Start of Exercise input

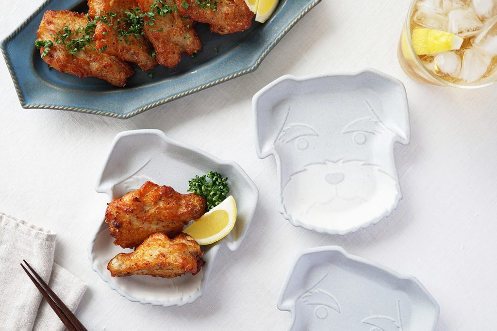 一週間頑張った自分へのご褒美に晩酌を楽しむ日には、おつまみのチキンの取り皿に。落ち着いた色合いの器と、可愛いシュナウザーの小皿を組み合わせると、なんだかいつもよりキリッとした表情にも見えてきます。
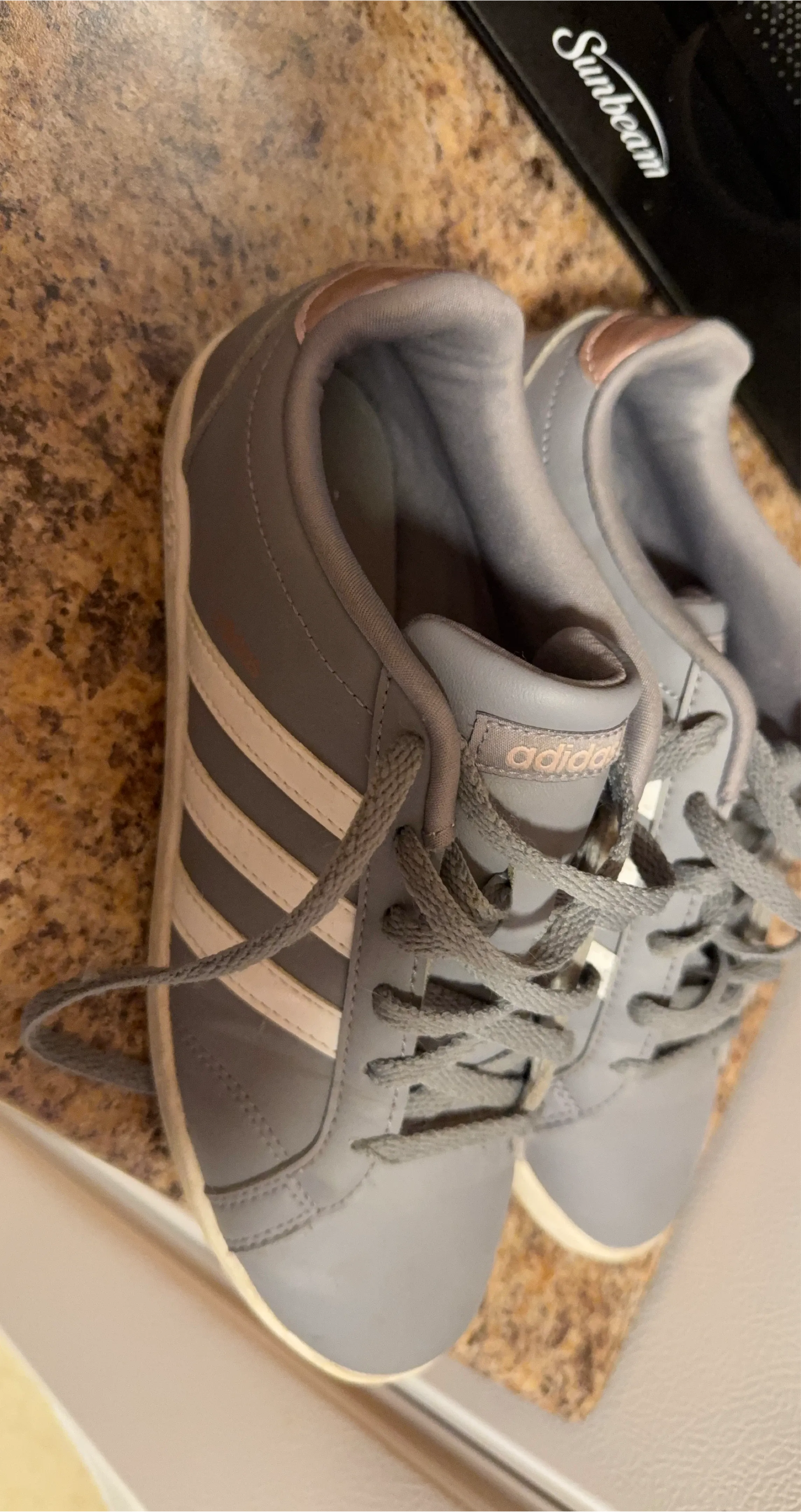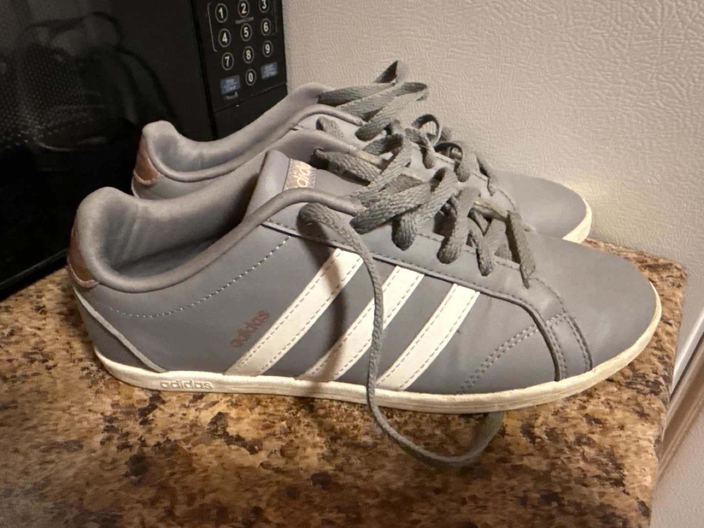 These Adidas sneakers are a lovely light grey with white stripes. They feature a rose gold accent on the heel tab. Great for everyday wear!
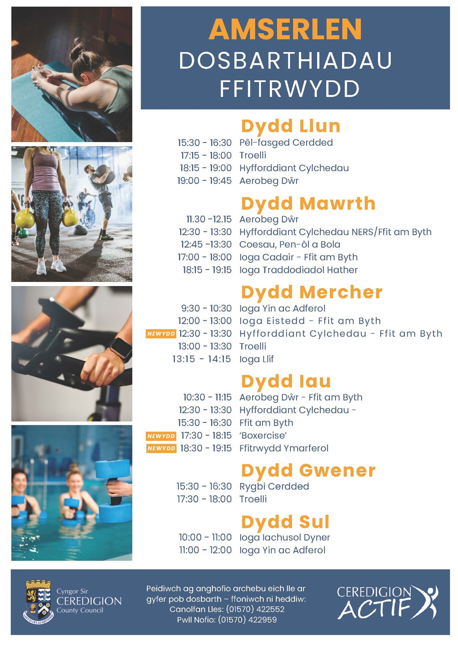 | Dydd Mercher | 08.00 - 21.00 |
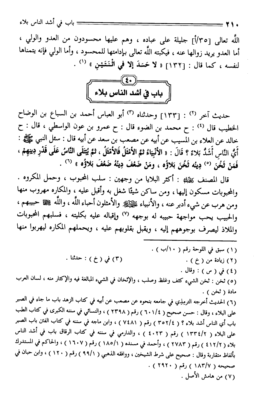 133 - حَدَّثَنَا أَبُو الْعَبَّاسِ أَحْمَدُ بْنُ سِبَاعِ بْنِ الْوَضَّاحِ الْخَطِيبُ، قال: حَدَّثَنا مُحَمَّدُ بْنُ الضوء، قال: حَدَّثَنا عَمْرُو بْنُ عَوْنٍ الْوَاسِطِيُّ، قال: حَدَّثَنا خَالِدُ، عن الْعَلَاءِ بْنِ الْمُسَيَّبِ , عَنْ أَبِيهِ , عَنْ مُصْعَبِ بْنِ سَعْدٍ , عَنْ أَبِيهِ , قال: سُئِلَ النَّبِيُّ - صلى الله عليه وسلم -: أَيُّ النَّاسِ أَشَدُّ بَلَاءً؟ قال: " الْأَنْبِيَاءُ , ثُمَّ الْأَمْثَلُ فَالْأَمْثَلُ , ثُمَّ يُبْتَلَى النَّاسُ عَلَى قَدْرِ دِينِهِمْ , فَمَنْ ثَخُنَ دِينُهُ ثَخُنَ بَلَاؤُهُ , وَمَنْ ضَعُفَ دِينُهُ ضَعُفَ بَلَاؤُهُ ".
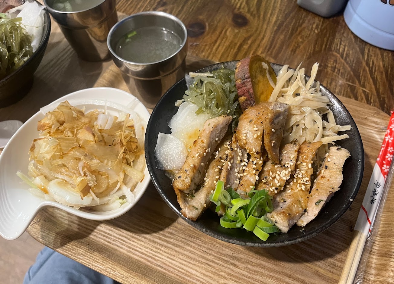 打卡送小菜 好吃的松阪豬丼飯跟厚切牛排 松阪豬咬勁 牛排些微的筋 飯量不少,醬汁很香 配菜有海帶絲、醃蘿蔔、牛蒡、蕃薯 味道都很不錯 附贈的熱湯也不馬虎
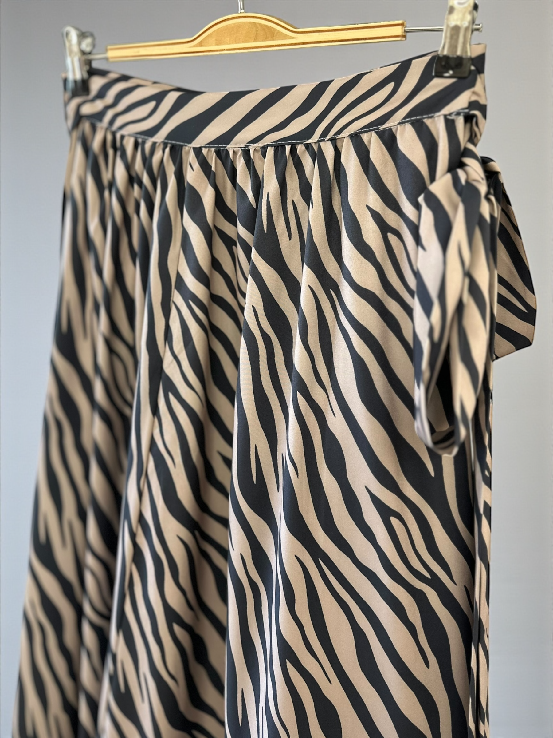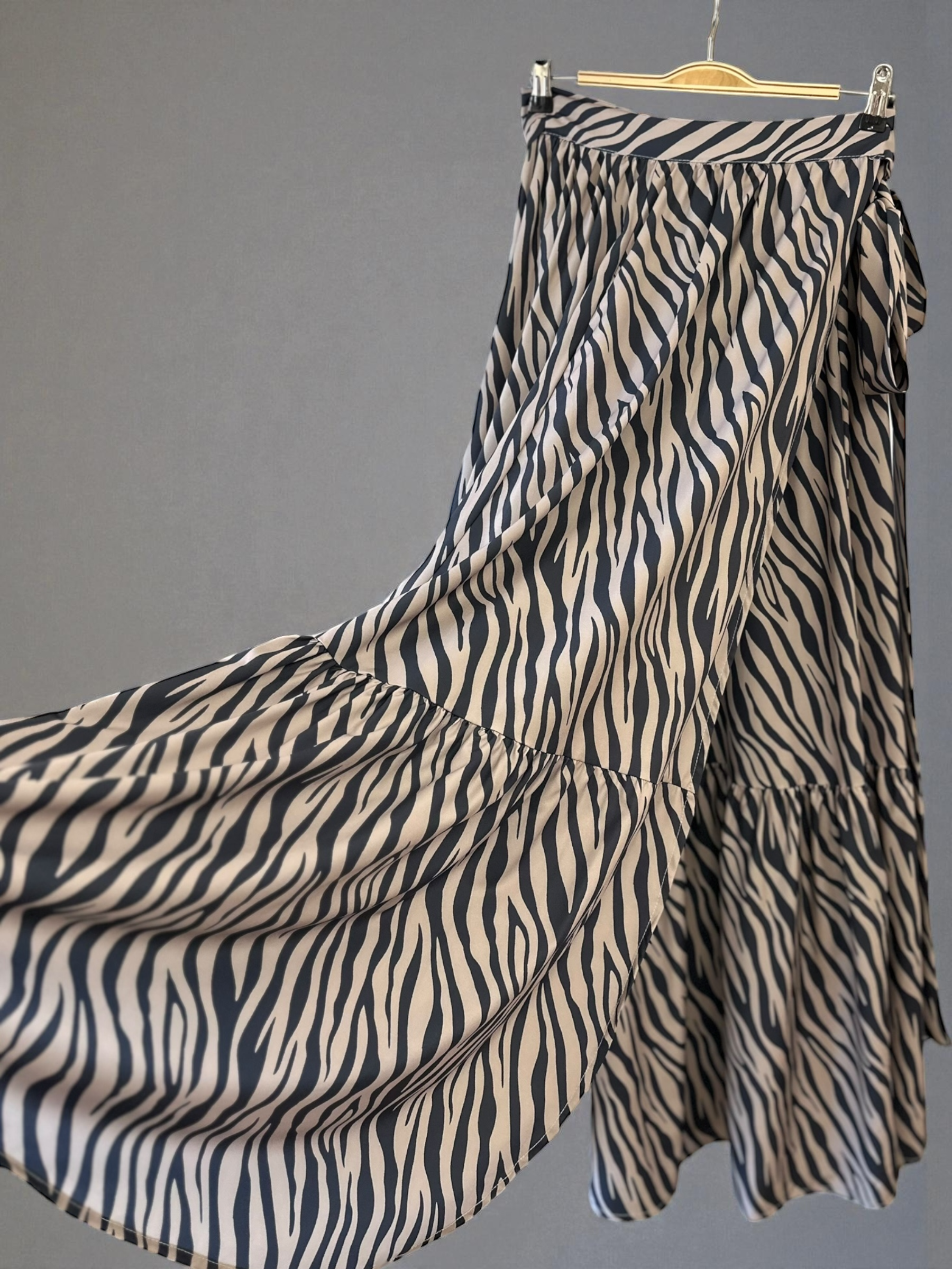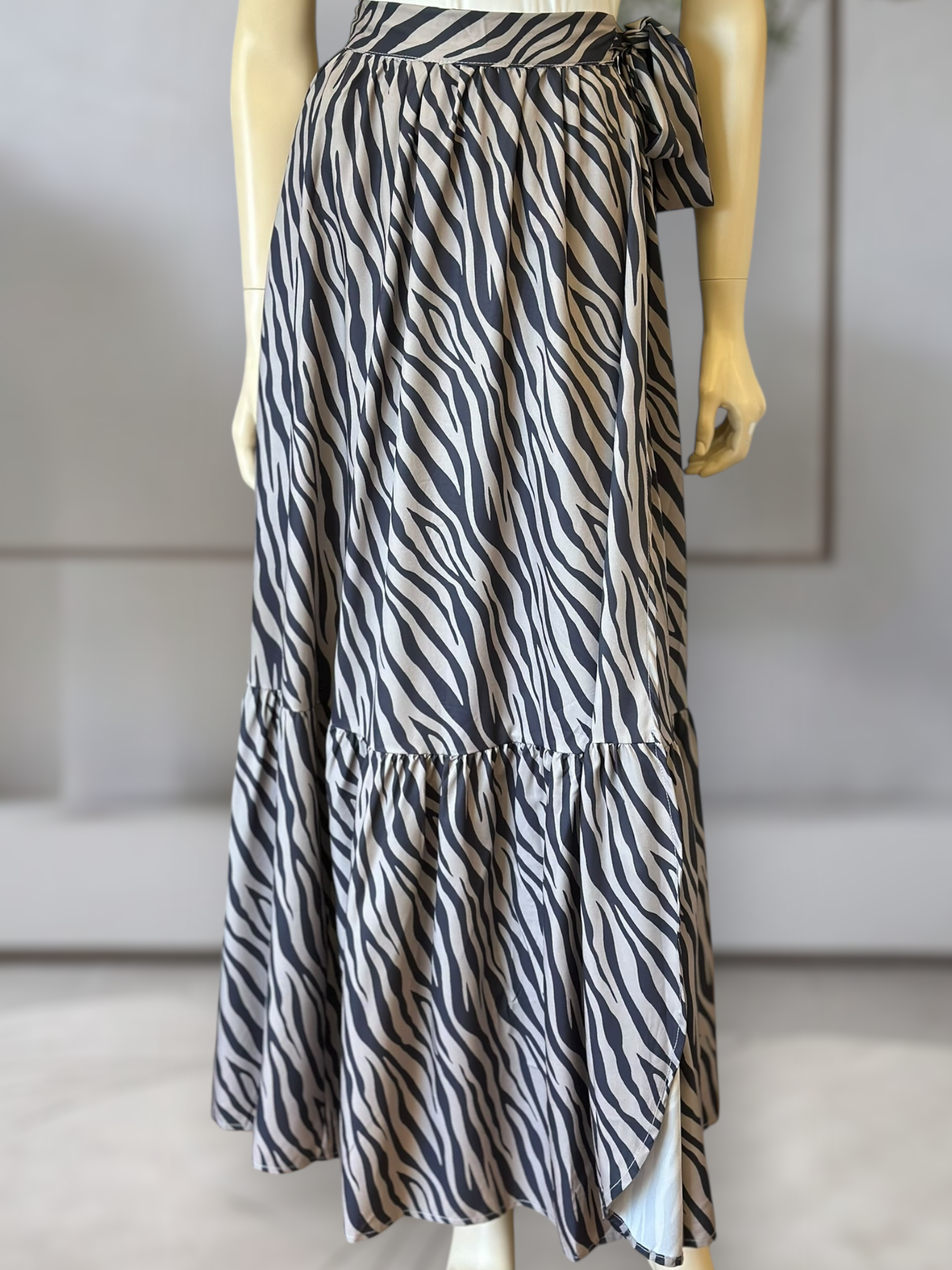 Falda envolvente con cintura ajustable, favorecedora y cómoda. Su estampado colorido de cebra la convierte en una prenda versátil, ideal para combinar con blusas, tops o chaquetas.
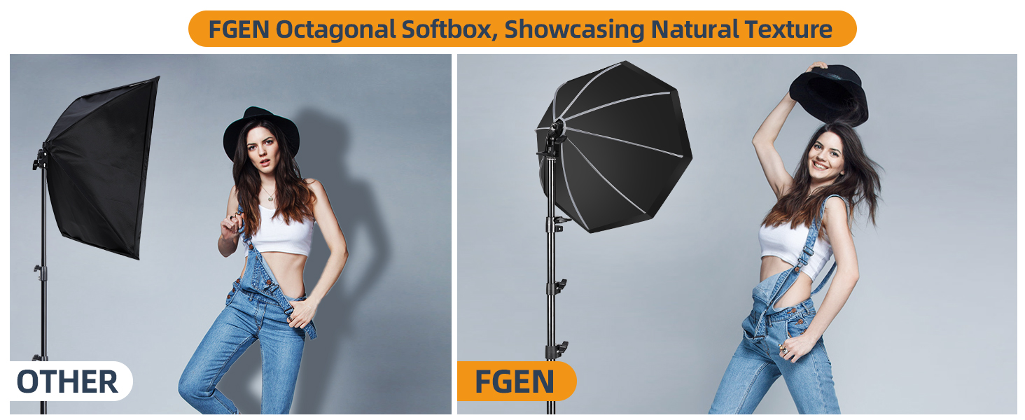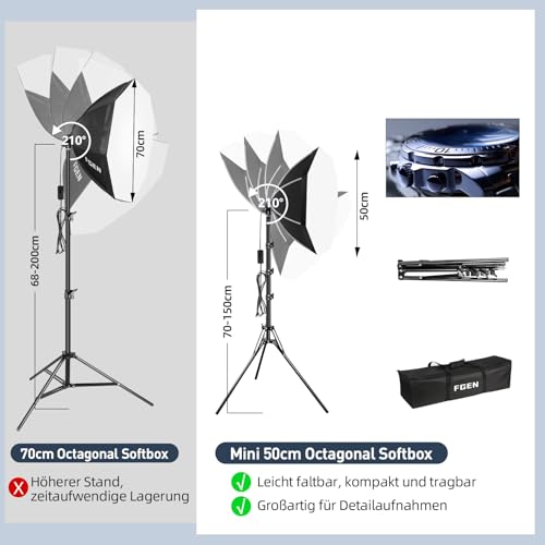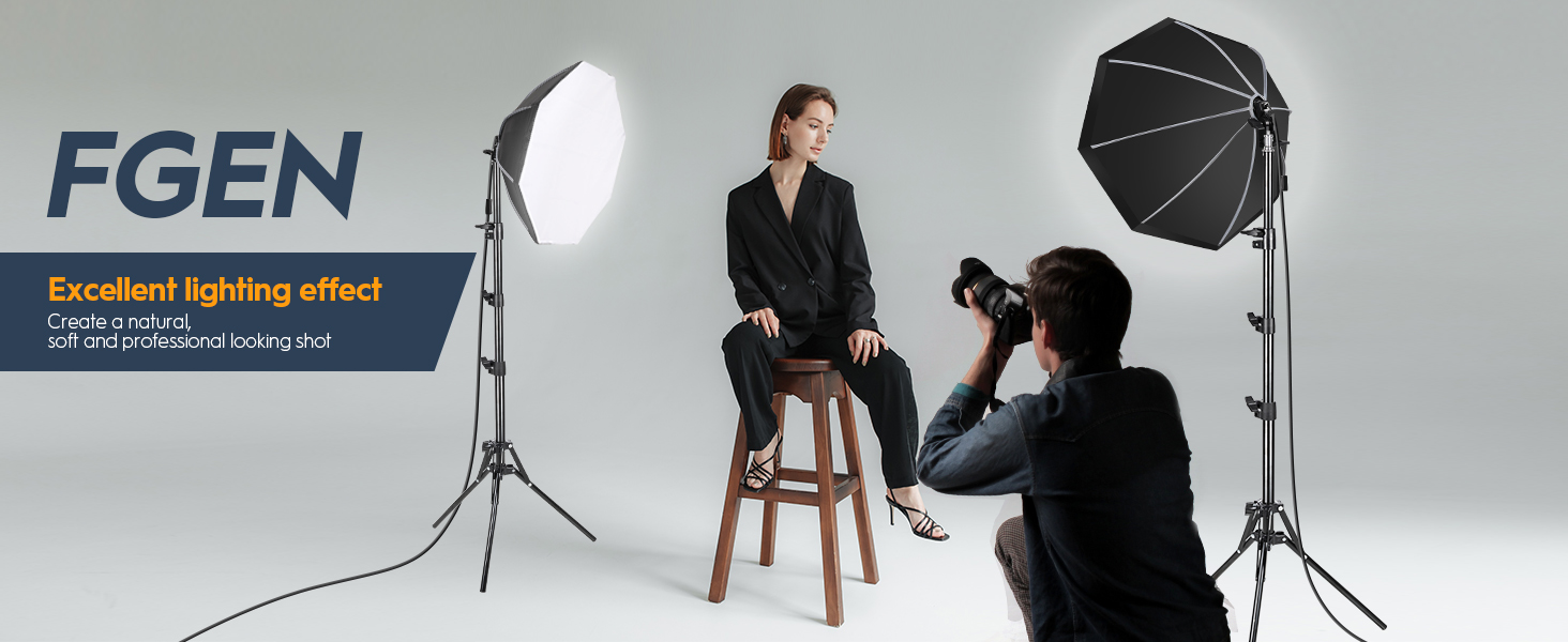 FGen Photography Lighting Softbox,Octagonal Soft Box Wire Length 300cm with 60W 3000-6500K LED Lamps,150cm Adjustable Light Stand for Studio Photography,Video Shooting and Live Gaming

End of Exercise input

→ Exercise:
The answer must be the data above, repeated exactly, with no pictures.

→ Problem solution:
 一週間頑張った自分へのご褒美に晩酌を楽しむ日には、おつまみのチキンの取り皿に。落ち着いた色合いの器と、可愛いシュナウザーの小皿を組み合わせると、なんだかいつもよりキリッとした表情にも見えてきます。
 These Adidas sneakers are a lovely light grey with white stripes. They feature a rose gold accent on the heel tab. Great for everyday wear!
 | Dydd Mercher | 08.00 - 21.00 |
 133 - حَدَّثَنَا أَبُو الْعَبَّاسِ أَحْمَدُ بْنُ سِبَاعِ بْنِ الْوَضَّاحِ الْخَطِيبُ، قال: حَدَّثَنا مُحَمَّدُ بْنُ الضوء، قال: حَدَّثَنا عَمْرُو بْنُ عَوْنٍ الْوَاسِطِيُّ، قال: حَدَّثَنا خَالِدُ، عن الْعَلَاءِ بْنِ الْمُسَيَّبِ , عَنْ أَبِيهِ , عَنْ مُصْعَبِ بْنِ سَعْدٍ , عَنْ أَبِيهِ , قال: سُئِلَ النَّبِيُّ - صلى الله عليه وسلم -: أَيُّ النَّاسِ أَشَدُّ بَلَاءً؟ قال: " الْأَنْبِيَاءُ , ثُمَّ الْأَمْثَلُ فَالْأَمْثَلُ , ثُمَّ يُبْتَلَى النَّاسُ عَلَى قَدْرِ دِينِهِمْ , فَمَنْ ثَخُنَ دِينُهُ ثَخُنَ بَلَاؤُهُ , وَمَنْ ضَعُفَ دِينُهُ ضَعُفَ بَلَاؤُهُ ".
 打卡送小菜 好吃的松阪豬丼飯跟厚切牛排 松阪豬咬勁 牛排些微的筋 飯量不少,醬汁很香 配菜有海帶絲、醃蘿蔔、牛蒡、蕃薯 味道都很不錯 附贈的熱湯也不馬虎
 Falda envolvente con cintura ajustable, favorecedora y cómoda. Su estampado colorido de cebra la convierte en una prenda versátil, ideal para combinar con blusas, tops o chaquetas.
 FGen Photography Lighting Softbox,Octagonal Soft Box Wire Length 300cm with 60W 3000-6500K LED Lamps,150cm Adjustable Light Stand for Studio Photography,Video Shooting and Live Gaming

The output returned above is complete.